> [Task to complete]: Your copy should start at the line with "vendo stanza da" and end at the line with "ヒーロー風カッコイイあだ名 | 『友情の使者やしろともき』 |" in the data below. Transcribe only those lines, exactly, pictures excluded.

> [Dataset records]:
┏━━

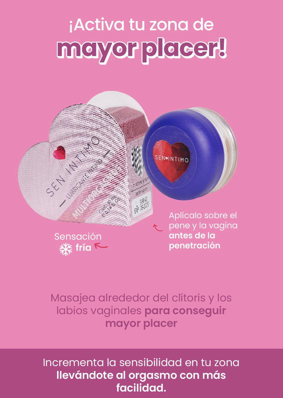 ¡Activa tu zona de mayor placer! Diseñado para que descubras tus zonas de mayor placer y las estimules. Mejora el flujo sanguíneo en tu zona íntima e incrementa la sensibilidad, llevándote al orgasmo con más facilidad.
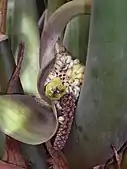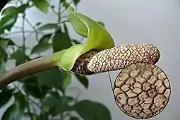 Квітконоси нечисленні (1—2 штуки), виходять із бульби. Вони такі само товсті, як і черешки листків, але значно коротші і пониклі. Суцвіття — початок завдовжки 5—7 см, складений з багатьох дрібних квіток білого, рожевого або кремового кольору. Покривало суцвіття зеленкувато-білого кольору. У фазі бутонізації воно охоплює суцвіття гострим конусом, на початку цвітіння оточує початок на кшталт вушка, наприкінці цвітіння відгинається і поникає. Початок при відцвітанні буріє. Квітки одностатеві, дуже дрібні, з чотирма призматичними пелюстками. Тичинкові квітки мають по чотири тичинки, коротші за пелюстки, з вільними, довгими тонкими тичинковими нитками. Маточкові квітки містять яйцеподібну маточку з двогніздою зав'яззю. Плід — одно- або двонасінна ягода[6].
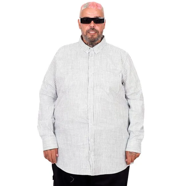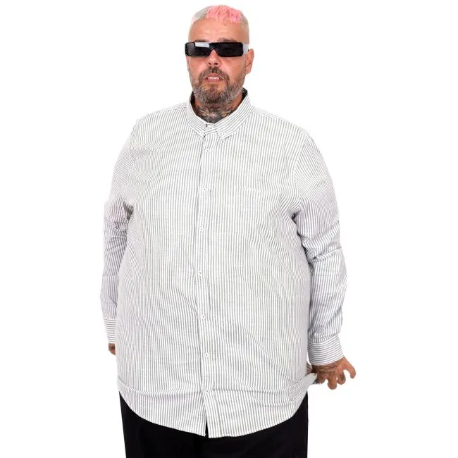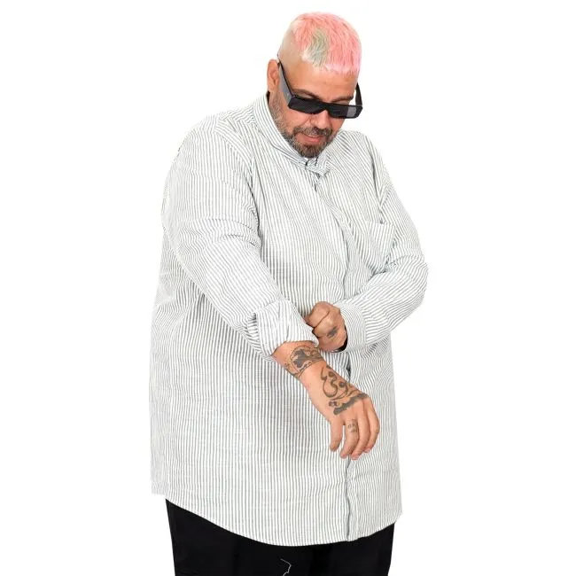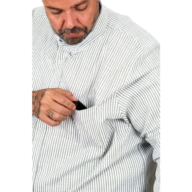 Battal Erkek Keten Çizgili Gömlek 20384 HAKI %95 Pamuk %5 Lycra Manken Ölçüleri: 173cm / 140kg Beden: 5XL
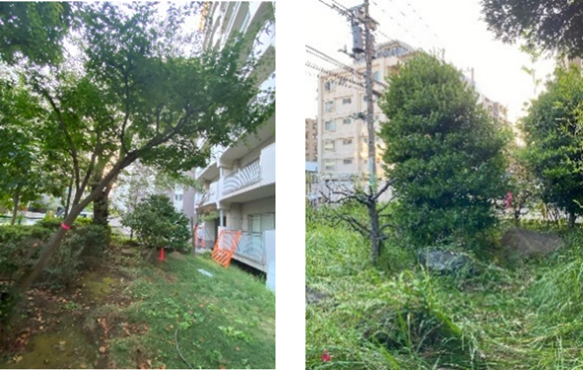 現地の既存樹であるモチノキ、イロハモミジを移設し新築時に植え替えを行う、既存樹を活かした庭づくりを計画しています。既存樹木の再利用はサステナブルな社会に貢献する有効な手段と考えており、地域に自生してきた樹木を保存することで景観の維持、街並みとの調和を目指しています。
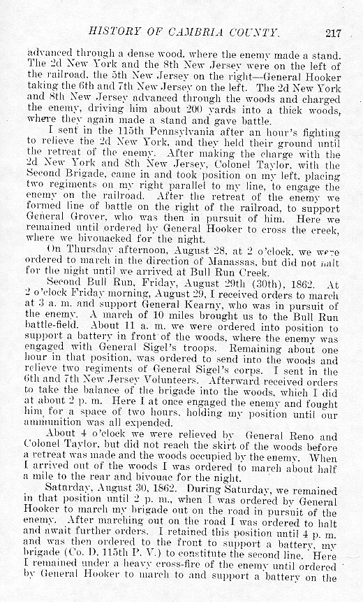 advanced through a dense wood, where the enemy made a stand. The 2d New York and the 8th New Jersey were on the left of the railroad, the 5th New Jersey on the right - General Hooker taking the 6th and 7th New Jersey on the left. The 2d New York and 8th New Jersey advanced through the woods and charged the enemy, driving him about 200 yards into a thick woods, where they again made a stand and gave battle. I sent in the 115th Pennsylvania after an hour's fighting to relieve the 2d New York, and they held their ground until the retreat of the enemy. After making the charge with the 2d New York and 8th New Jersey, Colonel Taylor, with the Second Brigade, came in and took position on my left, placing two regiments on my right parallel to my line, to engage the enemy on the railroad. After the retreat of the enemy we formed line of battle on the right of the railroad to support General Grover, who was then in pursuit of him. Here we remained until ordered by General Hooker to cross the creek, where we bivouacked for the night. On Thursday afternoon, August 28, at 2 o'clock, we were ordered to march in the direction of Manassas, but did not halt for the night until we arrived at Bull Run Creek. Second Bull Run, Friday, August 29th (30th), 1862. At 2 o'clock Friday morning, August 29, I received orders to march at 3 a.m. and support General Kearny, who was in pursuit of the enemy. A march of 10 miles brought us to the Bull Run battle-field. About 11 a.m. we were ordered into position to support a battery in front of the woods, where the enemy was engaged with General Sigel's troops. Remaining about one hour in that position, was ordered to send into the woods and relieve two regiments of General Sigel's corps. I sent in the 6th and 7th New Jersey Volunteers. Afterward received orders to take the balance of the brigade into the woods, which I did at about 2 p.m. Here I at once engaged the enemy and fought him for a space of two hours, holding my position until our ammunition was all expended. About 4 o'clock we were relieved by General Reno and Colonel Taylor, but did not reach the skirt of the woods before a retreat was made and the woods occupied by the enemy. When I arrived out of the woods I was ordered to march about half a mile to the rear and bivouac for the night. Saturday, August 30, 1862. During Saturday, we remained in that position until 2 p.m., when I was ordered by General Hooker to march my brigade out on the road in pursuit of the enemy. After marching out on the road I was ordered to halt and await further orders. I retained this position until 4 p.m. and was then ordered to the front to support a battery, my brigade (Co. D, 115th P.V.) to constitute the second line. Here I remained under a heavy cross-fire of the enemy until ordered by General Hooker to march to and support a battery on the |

┗━━
┏━━

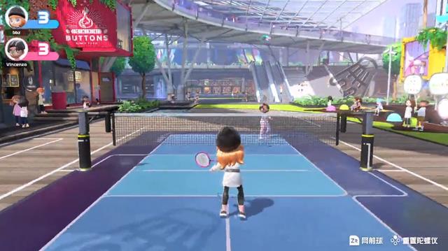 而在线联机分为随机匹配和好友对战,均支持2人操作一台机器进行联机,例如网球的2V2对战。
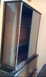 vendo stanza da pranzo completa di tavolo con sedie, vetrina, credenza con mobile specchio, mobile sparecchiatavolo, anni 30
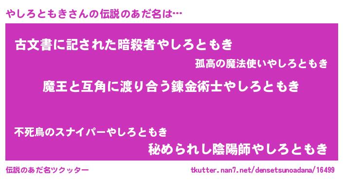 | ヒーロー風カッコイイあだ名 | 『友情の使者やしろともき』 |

┗━━

> [Response below]:
 vendo stanza da pranzo completa di tavolo con sedie, vetrina, credenza con mobile specchio, mobile sparecchiatavolo, anni 30
 | ヒーロー風カッコイイあだ名 | 『友情の使者やしろともき』 |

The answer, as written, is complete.